Los Reyes sabían del malestar en La Española y las inquietudes de los Frailes, enviando con plenos poderes a Francisco de Bobadilla, acompañado del capellán Fray Alonso del Viso y a varios franciscanos encabezados por Fray Francisco Ruiz, íntimo auxiliar del Cardenal Cisneros, Arzobispo de Toledo de gran influencia ante la Reina
Isabel La Católica. También cruzaron el mar Fray Juan de Transierra, Fray Rodrigo y Fray Juan de Robles.
Al enviar a Fray Francisco Ruiz y sus hermanos a Las Antillas, confirmaron la intención de hacer realidad los propósitos de ganar las almas de aquellos indígenas perdidos en aquel mundo lejano y cuya conversión era de transcendental importancia.
Por las cartas de los recién llegados, se conocen los malestares físicos de Fray Francisco Ruiz, que regreso a Europa. Sus compañeros dedicaron su tiempo instruyendo y bautizando a los indígenas dispuestos y al regresar en octubre de 1.500 habían bautizado cerca de tres mil nativos. Estos religiosos redactaron un “Memorial” sobre su impressión del gobierno de la Colonia, insistiendo en la idea de continuar el proceso de las nuevas cristiandades, copia de las dioceses españolas.
Los Reyes Católicos el 16 de septiembre de 1.501, designaron como nuevo gobernador a Nicolás de Ovando y por Real Celula ordenaban … “que a los frailes que pasan a las Indias, se les señale navío y lleven todas las cosas de manera que vayan bien aposentados…” . Trece sacerdotes y cuatro legos miembros de la Orden de San Francisco abordaron la nave Santa María de la Rabida y acompañados del nuevo Gobernador y 2500 personas partieron el 13 de febrero de 1.502 de San Lúcar, llegando al Puerto de Santo Domingo en la Española el 15 de abril de 1502. Fue el comienzo de una intensa actividad evangelizadora a la que se unirián Agustinos, Dominicos, Jesuitas y otros Franciscanos.

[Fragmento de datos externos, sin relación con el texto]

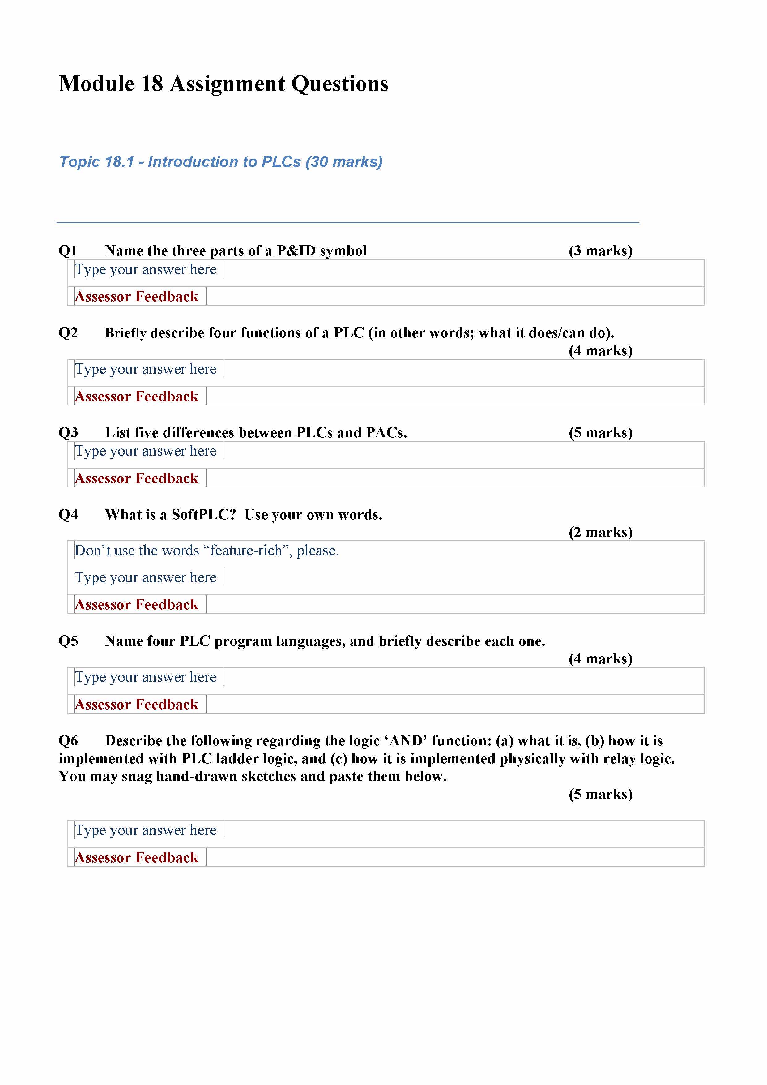 Module 18 Assignment Questions Topic 18.1 - Introduction to PLCs (...

Esos religiosos fundaron universidades, hospitales, conventos, escuelas de arte y oficios, aprendieron y conservaron la cultura indígena -hubo excepciones y siempre existen-, pero fue una labor positiva y afianzadora.
En fin, esa labor evangelizadora creó al paso de los siglos un semillero de nuevas naciones, los nuevos pueblos que conforman la América Hispana de nuestros días y que integran el continente de la esperanza”.